We know that in January 1967 Wang was briefly allowed to return to Beijing pending an appeal of his exiled status. He was forbidden to paint snuff bottles during his stay in the capital, being put to work instead making souvenir badges of the Chairman. His appeal failed, and by November 1967 he was back in Hebei. We also know that by the following June of 1968, he had sufficiently convinced the cadres that he was allowed to take his first student, his nephew Wang Baichuan.

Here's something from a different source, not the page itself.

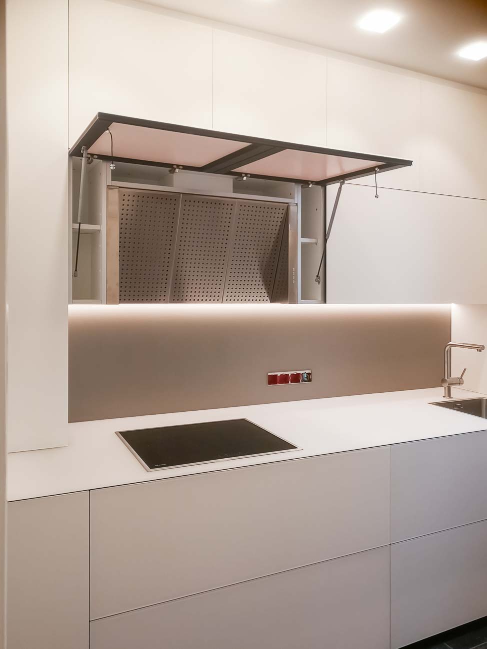 • Cuisine en verre blanc mat, hotte cachée et colonnes en verre gris suspendues :

The present bottle was painted in the winter of 1967 and must have been done after his return to Hebei. Wang recalls that he took three old bottles with him into exile, hidden in his bedding. One he painted with a picture of geese, another with a black bear, and the third he does not recall, but this was not one of them. It was probably a blank he acquired during his appeal in Beijing and painted as soon as he returned to Hebei, knowing that he must come to terms with his cadres if he was to continue his art. Its superb quality represents the key to freedom for Wang to return to his beloved art on a regular basis, even if still in exile.
At this time, Wang’s painting remained lofty and pure. He had not begun to teach a lot of students, which can sap creative energy in an artist, and he had not yet been appointed to a number of committees and political bodies, nor had he been put under commercial pressure by his status and position. Not only that, but he had to prove himself to his commune members by painting masterpieces that would be readily saleable. These various factors maintained his art at a very high level throughout the rest of the 1960s and into the 1970s.
Apart from the lovely bottle used here, which was once a plain crystal bottle belonging to the fifth Prince Ding (see Treasury 1, no. 150, and Treasury 2, nos. 359–364), the painting is a masterly work in its own right. It combines all of the qualities of a great Chinese painting, and exhibits Wang’s masterly brushwork as discussed under Treasury 4, no. 662 (lot 22 here). The painting may have been inspired by Zhang Daqian (1899–1983) who painted a series of works during the mid-century of birds on the branches of red-leafed maple trees. They were so distinctive that they inspired other artists of the day, and it is likely that Wang had seen such paintings, although the composition and style are entirely his own and it is possible that he arrived at a similar sort of image independently.